現代の著名なイスラーム学者であるアル=カラダーウィーは、『ユダヤ教徒及びキリスト教徒の不信仰に関するイスラームの信仰的立場』*1という直截的な題名の作品を著しています。
同書の議論を以下に紹介します。
ユダヤ教徒やキリスト教という啓典の民が不信仰者ではないと主張する者達について言えば、その主張がユダヤ教徒やキリスト教徒が神性や啓示を否定する無神論者ではないという意味に於いてであれば、このような主張は正しく、異論は許されない。

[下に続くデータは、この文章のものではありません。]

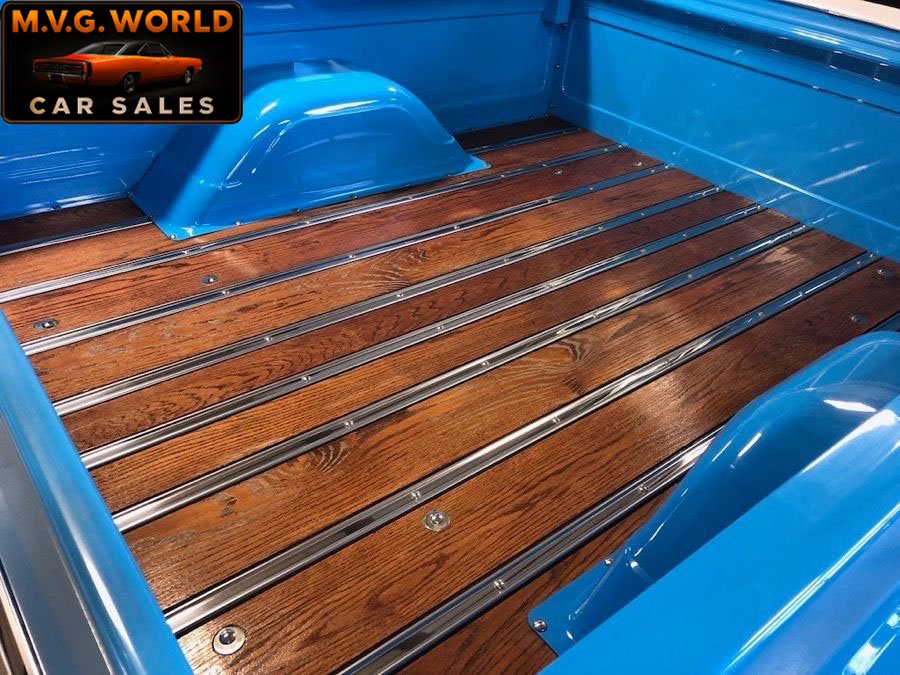 The exterior is finished in a striking blue and white two-tone with fresh trim, emblems, and chrome. Panel fit is excellent, paint is slick and show-ready, and the oak wood bed with stainless strips adds classic appeal. The truck rides on 20” Ridler wheels with staggered tires (275/40 rear, 245/35 front).

また、その主張がユダヤ教徒やキリスト教徒が預言者ムハンマドの教え、ムハンマドの使徒性、クルアーンを否定する者(カーフィル)――そしてこれこそが不信仰(クフル)の意味するところなのであるが――ではないという意味に於いてであれば、このような主張は明らかに間違っている*2。
アル=カラダーウィーはユダヤ教徒とキリスト教徒の不信仰*3についてはムスリムの共同体(ウンマ)の合意があり、これまでの歴史に於いてシーア派、スンナ派、ムウタズィラ派、ハワーリジュ派においても、現存するスンナ派、12イマーム派(シーア派の主流)、ザイド派(シーア派の一派、現在はイエメン北部を中心に存在)、イバード派(ハワーリジュ派の一派、現在はオマーンを中心に存在)においても異論は存在しないとしています*4。
以上の議論を纏めたのが下の表です。
アル=カラダーウィーの論じるムスリム、啓典の民、不信仰者、無神論者の分類表 | ||
---|---|---|
はい | いいえ | |
イスラームの教えを信じるか =神の唯一性と ムハンマドの使徒性を認めるか |
ムスリム (イスラーム教徒) |
不信仰者(カーフィル) =非ムスリム |
神性と啓示の存在を信じるか |
啓典の民 =ユダヤ教徒と キリスト教徒 |
無神論者 |
※この表には表題の4範疇以外の範疇、例えば仏教徒等は含まれていない。 出典:筆者作成 |
つまり、上の図からも明らかなように、イスラームのいう不信仰とは、イスラームの教えを信じないこと、すなわち「非イスラーム」を意味することが分かります。
また、アル=カラダーウィーの議論を以下のようなフローチャートにすると、イスラームの言う不信仰者がキリスト教徒やユダヤ教徒から無神論者までを含む幅広い概念であることが分かります。
さらに、アル=カラダーウィーは次のように続けます。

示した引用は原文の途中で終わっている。